By one-notch, Moody's Investors Service downgraded on Monday nearly $88 million of Santa Monica lease revenue bonds but confirmed the triple A rating of its general obligation bonds, crediting the city for its healthy tax base, but citing the need for a two-notch distinction between the two types of bonds.
The downgrade to Aa2 effects $87.6 million of outstanding debt.
"This brings us to the standard rating," said the city's Finance Director Gigi Decavalles-Hughes. "It’s still a good rating."
The credit agency said general obligation bonds, which are backed by property taxes, are more secure than lease revenue bonds paid from the city's general fund.
"There's a dedicated revenue stream to pay off those general obligation bonds that does not go through the city's revenue funds," said Moody's spokesman David Jacobson.
Moody's looked at more than $117 million in bonds issued by Santa Monica in the past decade to fund construction of the main library, the public safety station and three parking structures in downtown. Before the review, they were all graded AAA and Aa1, meaning they were high quality and subject to very little credit risk.
With a lower rating, the city would expect to pay higher interest rates on future lease revenue bonds, Decavalles-Hughes said. "It would a little bit more expensive," she said.
The downgrade is part of a major review of bonds in 32 cities across the state that began this summer. In all, 27 cities' lease-backed obligations were being considered for downgrades.
"With everything that's going on in California, there's a lot of financial demands on cities' general funds," said Jacobson. "We wanted to make sure that they were rated correctly."
The leading credit rating agency said Santa Monica is challenged by "sensitive" tax revenues based on tourism and the local economy and resident wealth levels falling below the median for Aaa-rated U.S. cities. Still, it credited the city for its "exceptionally strong" financial operations and "sizable" reserves.
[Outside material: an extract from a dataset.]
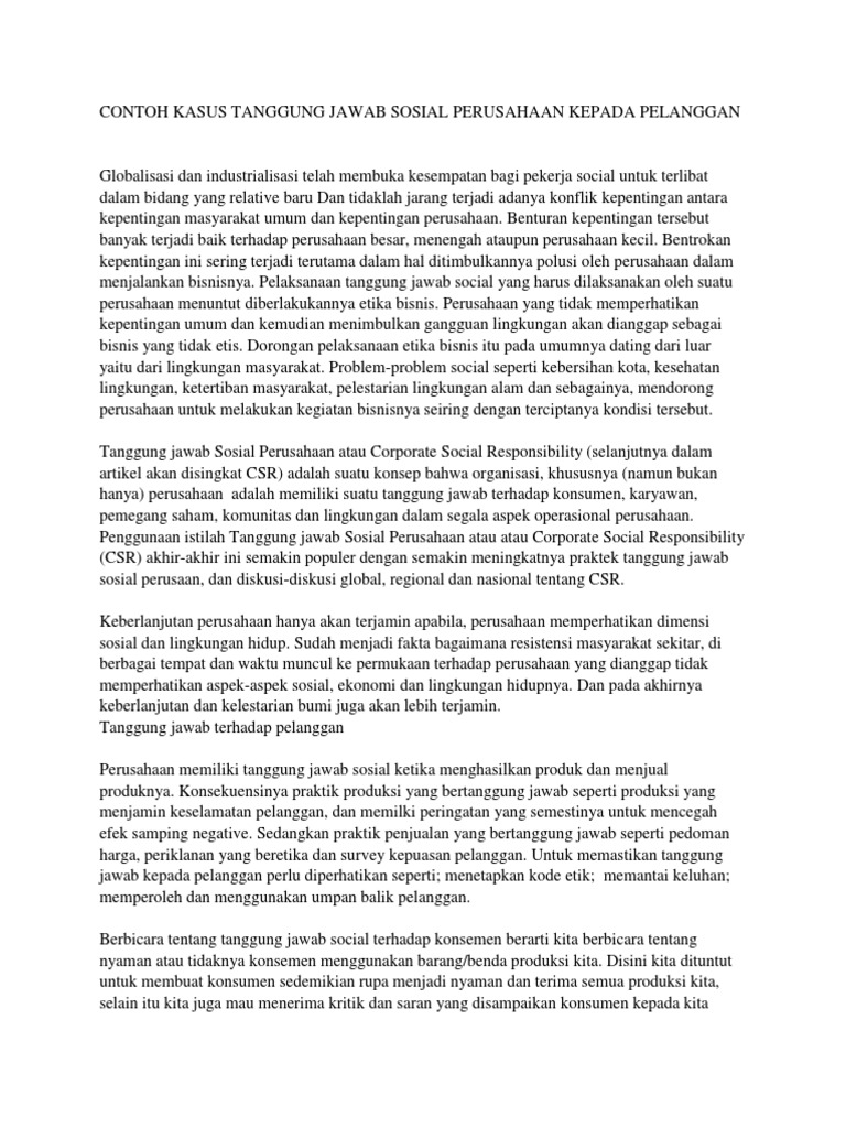 Contoh tanggung jawab sosial perusahaan. Contoh tanggung jawab sosial perusahaan. Contoh tanggung jawab sosial perusahaan terhadap pelanggan antara lain pengembangan komunitas community development. Yang menjadi pusat perhatian pimpinan adalah segala kegiatan perusahaan dari program pelaksanaan yang dilakukan sampai kebijaksanaan jangka panjang maupun jangka pendek terhadap lingkungan sekitar. Contoh tanggung jawab sosial perusahaan yang sudah sering di lakukan adalah mengelola limbah b3 secara baik. Me tanggung jawab sosial perusahaan atau corporate social responsibility selanjutnya dalam artikel akan disingkat csr adalah suatu konsep bahwa organisasi khususnya namun bukan hanya perusahaan adalah memiliki suatu tanggung jawab terhadap konsumen karyawan pemegang saham komunitas dan lingkungan dalam segala aspek operasional perusahaan. Pelaksanaan tanggung jawab sosial perusahaan corporate social responsibilitycsr memiliki tujuan utama untuk memastikan bahwa kepentingan sosial dari berbagai kelompok pemangku kepentingan pertamina dapat dipenuhi secara tepat dan proporsional terutama masyarakat yang berada di sekitar lingkungan kerja perseroan.

The confirmation of Santa Monica's Aaa general obligation bond reflects the city's "large and diverse tax base that has undergone minimal declines throughout the economic downtown," "moderate general obligation debt and lease-obligation burden," and "relatively small annual required pension and other post-employment benefit contributions as a percentage of general fund operating expenditures," Moody's said in a statement.
The outlook on the ratings is stable, according to Moody's.